Although there are valid guidelines for improving the quality of reporting of meta-analyses (QUOROM)1, no guidelines exist on when to stop searching. One of the most important criteria in the QUOROM statement is to report on the data sources for searching for potentially-relevant articles, which include large bibliographic databases such as MEDLINE and EMBASE. However, there is currently no method that researchers can use to systematically and empirically decide when to stop searching when conducting systematic reviews.

Capture-mark-recapture (CMR) has commonly been applied to problems where there are multiple samples of some occurrence. However, not all of the population is observable in any one sample. Thus, the CMR process that can be applied involves getting an initial sample by some method of capture, marking the elements in the sample with some type of tag, and then putting the sample back into the population so that the marked elements are available to be recaptured in subsequent samples.
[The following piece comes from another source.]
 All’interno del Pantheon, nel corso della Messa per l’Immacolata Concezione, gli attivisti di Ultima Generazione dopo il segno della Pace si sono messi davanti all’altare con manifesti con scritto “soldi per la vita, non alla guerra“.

This concept has commonly been used in ecology to estimate the number of fish in a lake2,3, where the first sample of fish is captured. The fish that are caught are then marked with a tag, and then released back into the lake and thus become available when a second and subsequent sample is taken from the lake. The number of marked fish in the second sample is then used with the sizes of the first two samples to estimate the number of fish in the lake. Although it was pioneered in ecology, the CMR concept is now being tested in epidemiology to check the completeness of case ascertainment in population-based studies4, and as a method for assessing publication bias in systematic reviews5. To our knowledge, one study has evaluated the completeness of systematic literature searches6. This study tested the CMR technique using the simplest model possible—the comparison of two databases (MEDLINE, and hand searching) for one journal. However, the process can be extended to more than 2 databases by using the confidence interval (CI) as a stopping rule of a search strategy, and reporting the estimate of the total number of articles and its CI as an estimate of the Horizon (i.e. all possible cases that could exist in the literature).
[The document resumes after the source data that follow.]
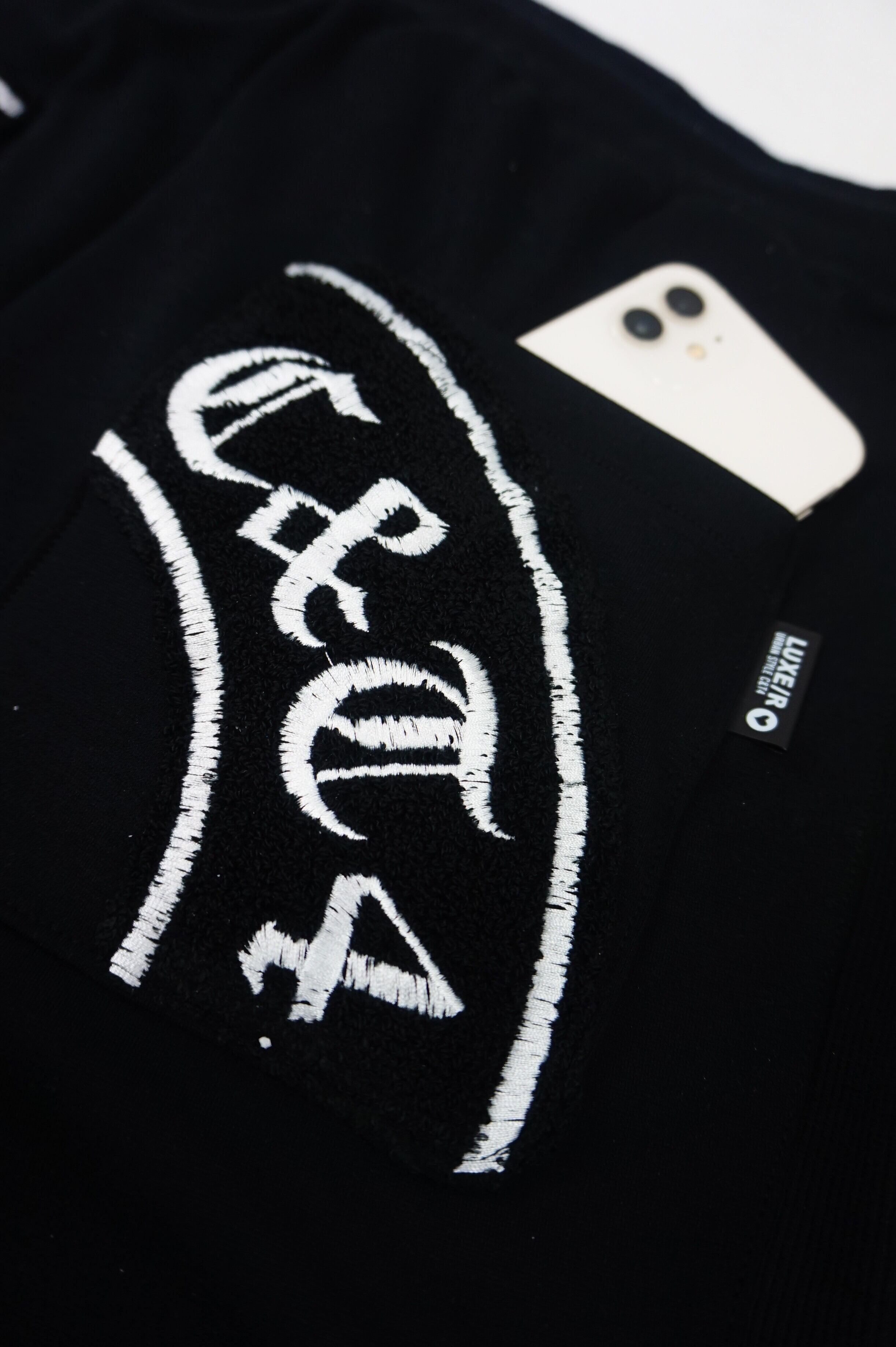 【LUXE/R】(46214)ストレッチポンチジャージ生地 サガラ刺繡ワッペン貼り付け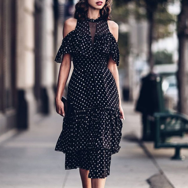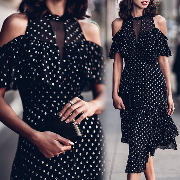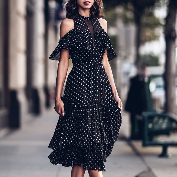 Create a sassy look with the flirty details of this dress. The dots printed details make this piece full of playful and charming vibes,while the off-shoulder and ruffle design will offer you a sexier look. For your daytime out and night dating,this beautiful dress can be your wise choice.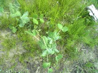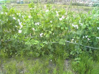 「おしゃべり日記帳」の3月23日の記事に書いていた杖を立てた後の絹サヤエンドウ。

We tested a stopping rule retrospectively by applying the principles of CMR to estimate the Horizon of the total number of articles in the literature for a systematic review of RCTs, which evaluated clinical decision support tools for osteoporosis disease management.

Methods

Methods of the Systematic review:

Studies were identified by searching (in order) MEDLINE (1966 to July 2006), EMBASE (1980 to 2006), CINAHL (1982 to July 2006), and EBM Reviews (CDSR, ACP Journal Club, DARE, and CCTR). We also searched the grey literature: the web sites of CIHR (Canadian Institutes of Health Research), AHRQ (Agency for Healthcare Research and Quality), CRISP (Computer Retrieval of Information on Scientific Projects), the US National Institutes of Health clinical trials register (ClinicalTrials.gov), BMJ Updates, Centre for Chronic Disease Prevention and Control, and Osteoporosis Canada. We reviewed the reference lists of relevant articles, hand searched the current clinical practice guidelines for the diagnosis and management of osteoporosis, and contacted experts in the field.
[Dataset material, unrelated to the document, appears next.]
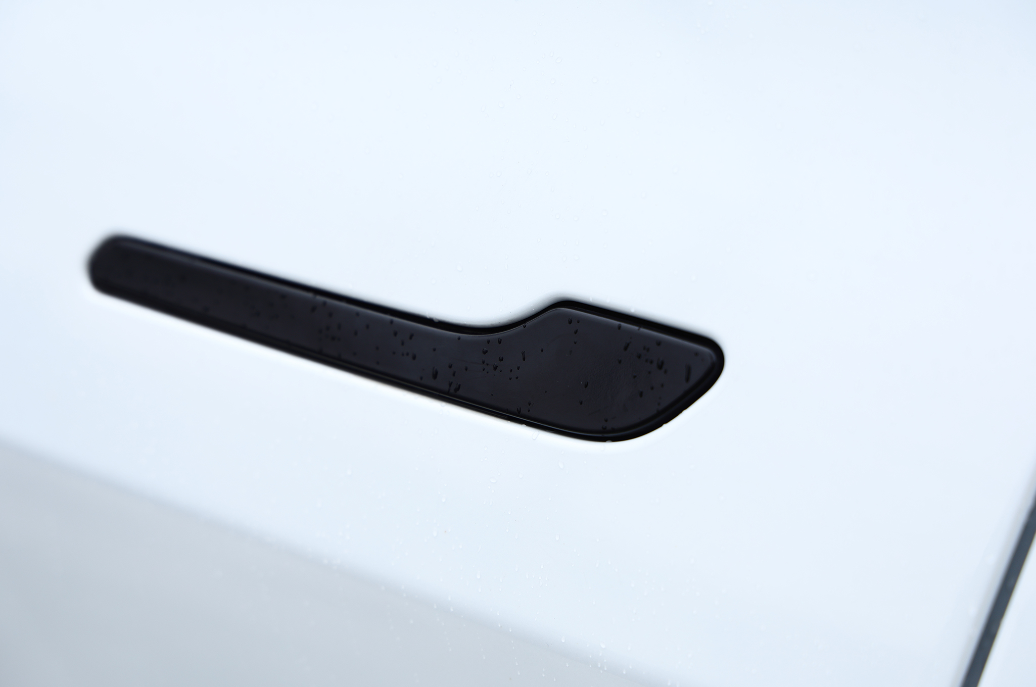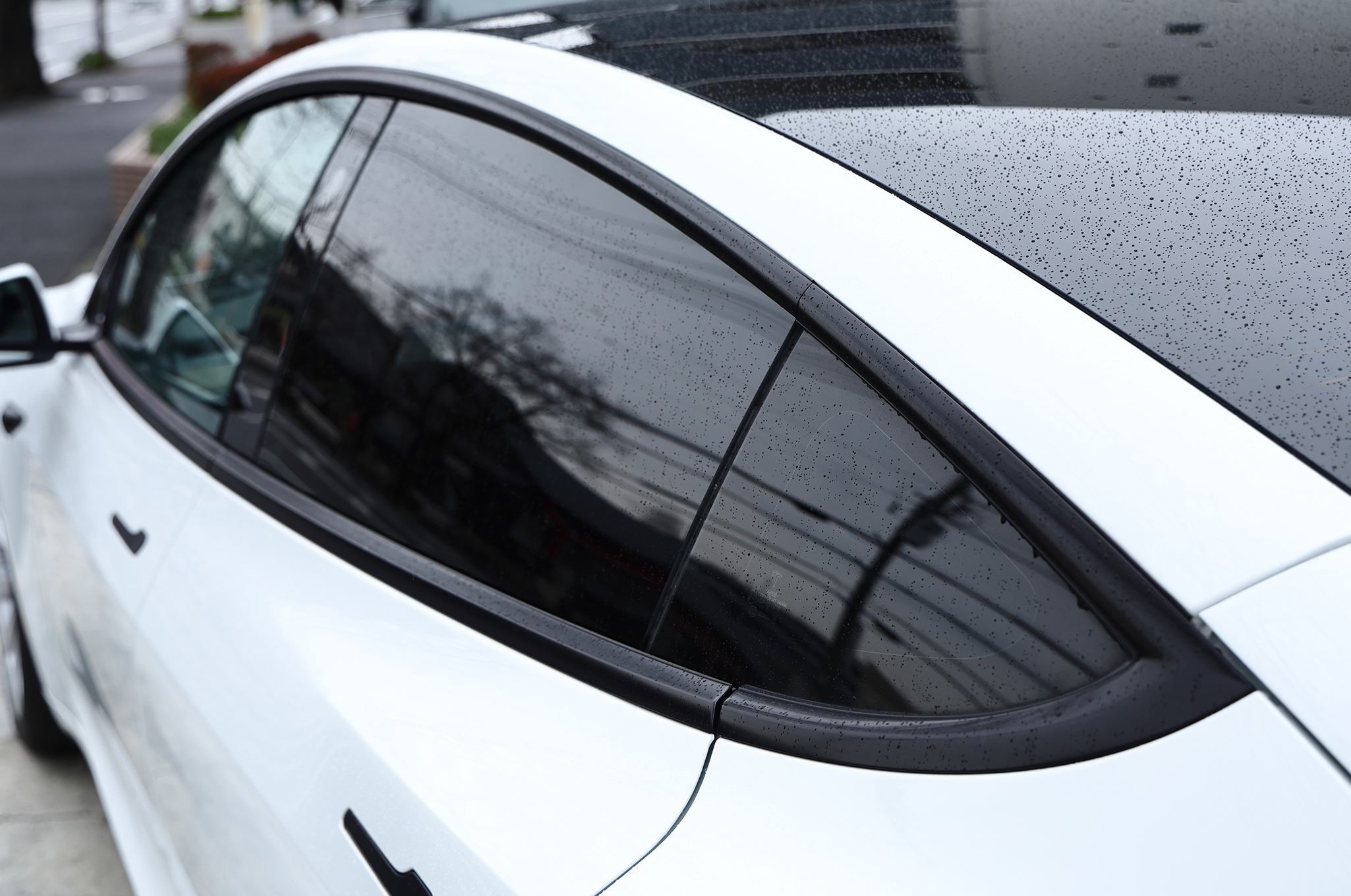 この年代のモデル3は、近未来的なデザインが特徴的で、グリルレスのフロントマスクがポイント。また窓枠やドアハンドル等からクロームパーツを廃止したクローム消しを行っており、引き締まった印象が非常に強い。

To generate our list of search terms, we conducted a preliminary search in MEDLINE and EMBASE using known terms and synonyms suggested by clinicians, librarians, and experts in the field to capture all possible textwords and MeSH terms that describe disease management and disease management tools. This list was supplemented by additional terms that were found in studies investigating disease management tools for other chronic diseases such as heart failure, diabetes, and asthma7-10. Using Ovid interface, these terms were first combined using the Boolean “OR”, and then “AND-ed” with osteoporosis in each database. The resulting retrieval yield was then limited using the best sensitivity search strategy filter for treatment studies developed by Haynes et al11.

Studies were included if they were RCTs in any language from 1966 to July 2006 that evaluated disease management interventions in men or women at risk for osteoporosis (age ≥ 65 years of age, postmenopausal women, or > 3 months systematic use of glucocorticoids), a confirmed diagnosis of osteoporosis, or with an existing or previous fragility fracture. Interventions could be in any format (e.g. electronic-, paper-, or program-based) as long as they incorporated an aspect of care coordination and were characterized by any one or a combination of terms that represent disease management tools. The intervention could be directed to patients or any health care professionals in the continuum of care of patients; had to evaluate live patients; and included any component of osteoporosis disease management (i.e. risk assessment, diagnosis, or treatment). We excluded any interventions that evaluated pharmacological strategies (e.g. bisphosphonates, hormone replacement therapy, selective estrogen receptor modulators, or vitamins), unless they were a component of the disease management tool. Outcomes of interest were fragility fractures (vertebral or nonvertebral), bone mineral density (BMD) investigations, initiation of any osteoporosis treatment, and fracture-related complications (e.g. quality of life, admission to long-term care, and fracture-related mortality). We excluded any outcomes related to fractures due to major trauma, primary prevention of osteoporosis, and falls prevention.

Two investigators (MK and SS) independently reviewed the titles and abstracts of potentially relevant citations, applied the inclusion/exclusion criteria, and rated each article as “relevant”, “not relevant”, or “unsure” using a standardized form. To identify the final list of studies to be included in the systematic review, the same 2 investigators independently applied the inclusion/exclusion criteria for articles that were selected for full-text review. Using a standardized data abstraction form, 2 reviewers (MK and SS) independently extracted data on the setting, study design (method of randomization, allocation concealment, and blinding); population characteristics (inclusion/exclusion criteria, sample size, number of patients assessed for eligibility and the number who met inclusion criteria); interventions; outcomes; results; and follow-up (duration of follow-up, number of patients followed-up, intention to treat (ITT) analysis, number of participants withdrawn or lost to follow-up, and if any differences existed between groups for drop-out rates).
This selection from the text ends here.